Bunny hopping is a classic sign of hip dysplasia. You might want to think about getting some x-rays at the vet. When Bentley was around 3 mo. we noticed that he walked with a little bit of a limp. Our vet said it was growing pains and it could last up to a year. I started giving him Ester C, a vitamin C supplement (it promotes collagen production which stabilizes the hips) and the limp is gone and he runs around like a nut. I would imagine it would be something around those lines (of course I'm not a vet though) but I would definitely see a vet to rule it out. BTW the Ester C really does work wonders...my parents give it to their 16yo chocolate lab who, on good days, still takes his running laps around their pool and goes up and down stairs on a daily basis.


----------



## Tahnee GR (Aug 26, 2006)

There is a difference between a bunny hop and a gallop-are you sure she isn't galloping? The gallop is a faster gait than a bunny hop.

Rotatory Gallop

The bunny hop is a very awkward and unnatural gait for a dog. The fact that she trots coming back to you leads me to believe she could be galloping.
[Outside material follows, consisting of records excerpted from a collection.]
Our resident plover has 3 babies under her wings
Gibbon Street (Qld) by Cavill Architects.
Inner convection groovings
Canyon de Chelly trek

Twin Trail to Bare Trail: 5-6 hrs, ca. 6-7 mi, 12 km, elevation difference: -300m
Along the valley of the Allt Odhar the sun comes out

Young pups also grow oddly sometimes times-high in the rear for a while and then high in the front  That can lead to gait oddities as well, but they are temporary.

Does she exhibit any other signs-difficulty in getting up, soreness after playing, etc.?
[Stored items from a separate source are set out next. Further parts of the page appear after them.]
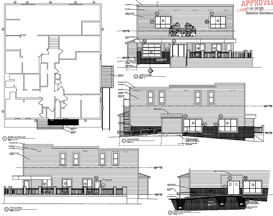
Before Remodel – front entrance/north elevation 8031 W Greenfield Ave.
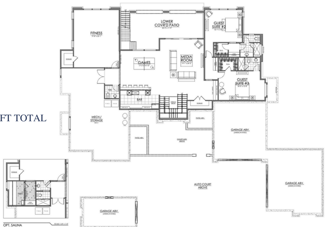
LOWER LEVEL // 2,716 SQFT TOTAL

**This architectural design / floor plan is purely preliminary and subject to change.
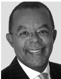
Henry Louis Gates Jr., Ph.D.

An independent panel of internationally respected jurors selects the Anisfield-Wolf winners. The current jury is chaired by Henry Louis Gates Jr. and includes Rita Dove, Joyce Carol Oates, Steven Pinker and Simon Schama.
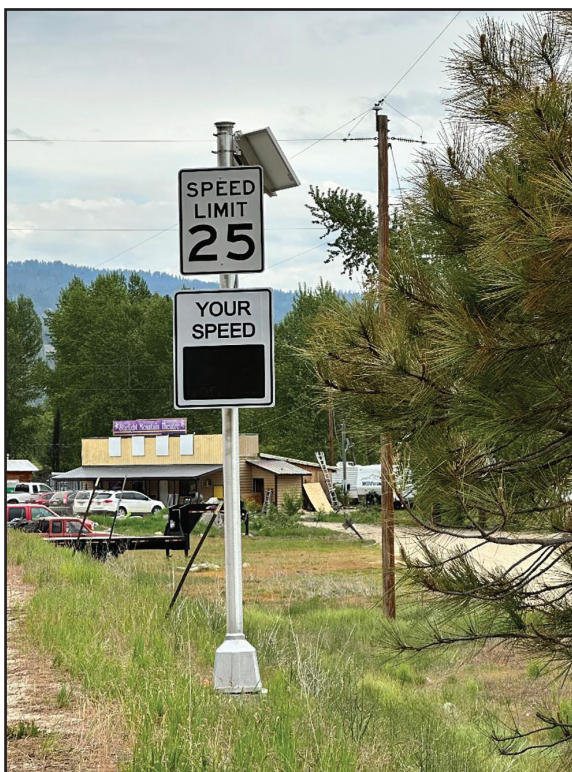
Solar powered digital speed advisory signs have been placed on both sides of the Crouch city limits on the Middlefork Rd.

The city was able to fund this project mainly through the use of monies derived from the Local Option Tax (LOT) which voters passed last year.
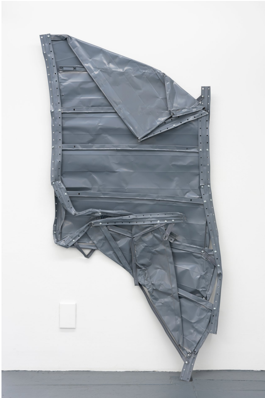
Jason Hirata Rack , 2016 Metal shelf 70 1/2 x 35 in.
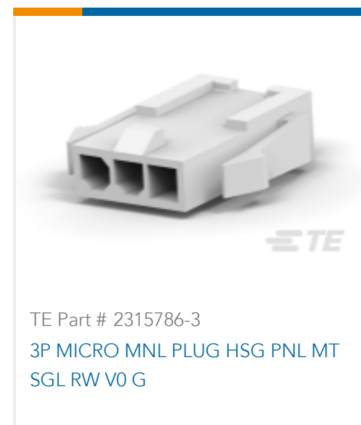
TE Part # 2315786-3 3P MICRO MNL PLUG HSG PNL MT SGL RW V0 G
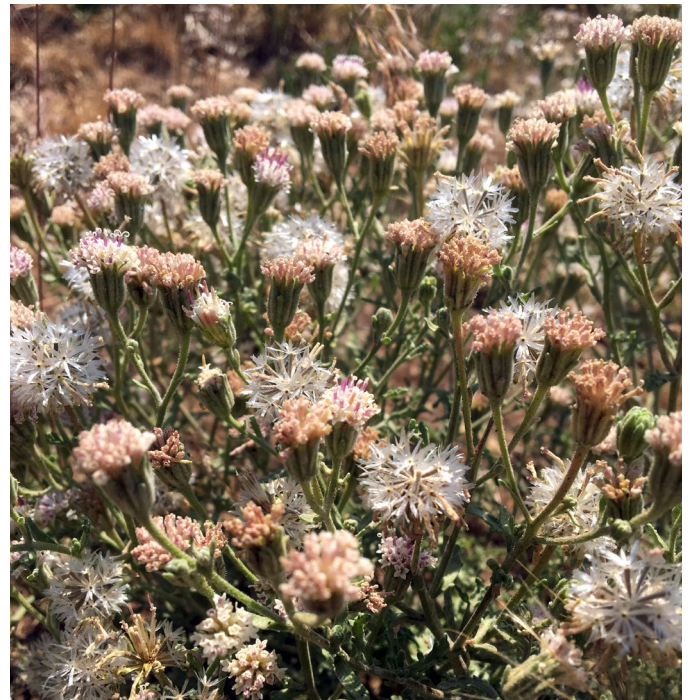
Figure 5. Uneven seed ripening is typical for Douglas' dustymaiden.

Estimates of seed maturation and fill to determine adequacy of sites for collection and collection timing can be made using a cut test or X-ray test. The 'pop test' described by Tilley et al. (2011) may be a useful predictor of seed fill (See Seed Testing section).

If you are still worried, x-rays may help. And, supplements certainly wouldn't hurt, whether she has joint issues or not.


----------



## Florabora22 (Nov 30, 2008)

Bunny hopping is really noticeable if it's true bunny hopping. My Flora will run using both of her hind legs simultaneously to propel her forward, thus the term "bunny hop." Are you sure it's not just an awkward gallop, as Tahnee suggested? I think at this young of an age it's probably just more awkwardness, but if you see other indications that your dog may be in pain or uncomfortable, by all means get to a vet.


----------



## hotel4dogs (Sep 29, 2008)

very cool website Linda, thanks!
HD tends to show up between 6 and 24 months of age, so if it's a true bunny hop I would be concerned. As Kim said, once you've seen it, you'd recognize it anywhere. They use their core muscles to propel themselves forward, with both back legs together, rather than their back legs providing the propulsion. and it indicates a serious problem.


----------



## puppydogs (Dec 6, 2010)

sns3948 said:


> Bunny hopping is a classic sign of hip dysplasia. You might want to think about getting some x-rays at the vet. When Bentley was around 3 mo. we noticed that he walked with a little bit of a limp. Our vet said it was growing pains and it could last up to a year. I started giving him Ester C, a vitamin C supplement (it promotes collagen production which stabilizes the hips) and the limp is gone and he runs around like a nut. I would imagine it would be something around those lines (of course I'm not a vet though) but I would definitely see a vet to rule it out. BTW the Ester C really does work wonders...my parents give it to their 16yo chocolate lab who, on good days, still takes his running laps around their pool and goes up and down stairs on a daily basis.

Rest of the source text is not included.